Apenas se ha cruzado la mitad del período de mandato y este gobierno sufre de envejecimiento prematuro. El gobierno del presidente Ollanta Humala sigue el recorrido de sus predecesores. Unos más, otros menos, pero todos desde Alejandro Toledo, pasando por Alan García, han desperdiciado un contexto de crecimiento económico pocas veces visto en la historia, sin lograr encarar los graves y acumulados problemas del país. Que cada gobierno tenga cifras que mostrar, obras que listar, índices que comparar, sin duda. Pero ya quisieran los mandatarios de la región haber tenido un período de crecimiento como el nuestro, para generar por lo menos apoyos a sus gobiernos. El nuestro es el único caso que la economía crece dando envidia y los gobernantes son desaprobados dando pena. La gente se puede equivocar, pero los gobernantes menos, pues las consecuencias son mayores. Lo que tenemos en el país no es el problema de la política, es que allí donde se debe hacer se hace mal.
Un factor que ha jugado en contra del gobierno del Partido Nacionalista Peruano (PNP) es justamente ser un gobierno sin partido. Los gobiernos con partidos no carecen de problemas, pero tienen más recursos para enfrentarlos. El llamado nacionalismo se constituyó a partir de un liderazgo personalista, con ideas difusas, una precaria maquinaria electoral y un deficitario cuerpo dirigencial, llenando el congreso de cuadros cuyo promedio de formación es bajo y sin experiencia política. Su mayor valor es el número, porque suma votos, a los que se agregan aliados cada vez más críticos o dispuestos a negociar más, con un gobierno de minoría que va perdiendo iniciativas debido, sobre todo, a sus propios problemas internos.
El presidente Humala es por lo tanto preso de sus propios límites. Al carecer de un partido que sea la fuente proveedora de cuadros partidarios para poder gobernar busca profesionales y tecnócratas, muchos de ellos de gran capacidad, pero la mayoría, carentes de experiencia política. Esto, sin una conducción política que el primer ministro debe generar, empeora las cosas. Es allí donde ha jugado un papel relevante la primera dama que, conjuntamente con el mandatario y el ministro de economía, no han permitido que prospere la figura de un primer ministro con capacidad política para dirigir, negociar, tomar decisiones. En buena cuenta hacer política. Así las cosas, cada ministro hace en su cartera lo que podía y se le permitía.

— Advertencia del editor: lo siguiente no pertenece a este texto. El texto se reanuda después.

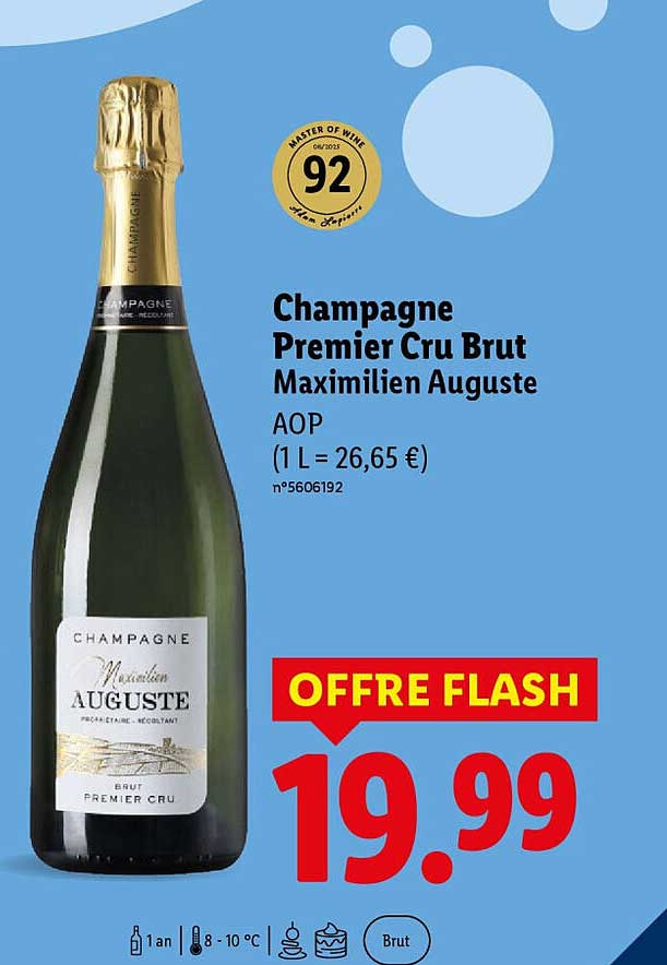 Découvrez dès maintenant la offre Champagne Premier Cru Brut Maximilien Auguste dans le catalogue de Lidl. Cette offre est valable du 04/09/2025 au 10/09/2025.

De esta manera, los gabinetes colisionaban con hechos políticos que los rebasaban y no podían enfrentar exitosamente, al que se le sumaba diferencias entre los propios ministros, que siendo cargos de confianza, no se han generado en relaciones previas sometidas por el tiempo. Así las cosas, el ingreso y salida de ministros fue tornándose no una oxigenación del gobierno, sino el signo de su precariedad.
La confianza se relaciona con la lealtad en un sistema de vínculos de poder. Por eso, Ana Jara y Ana María Solórzano son las llamadas no a aportar cuota de género, sino a cerrar las compuertas con palacio allí donde los ministros invitados han salido muchas veces tirando la puerta o aventados por actos reñidos con sus cargos. El problema es que eso es visto como subordinación por la oposición, que si ya se disgustó con la elección de la mesa directiva del Congreso y catalogó de insuficiente el mensaje presidencial, hará lo posible por no dar su voto de confianza ante la presentación del gabinete Jara o a un alto costo político. Allí es donde la capacidad de operadores políticos e iniciativas creíbles, cobran vital importancia. Pero todo parece indicar que el panorama político de agosto será tan gris, como el cielo limeño (La República, 31 de julio del 2014).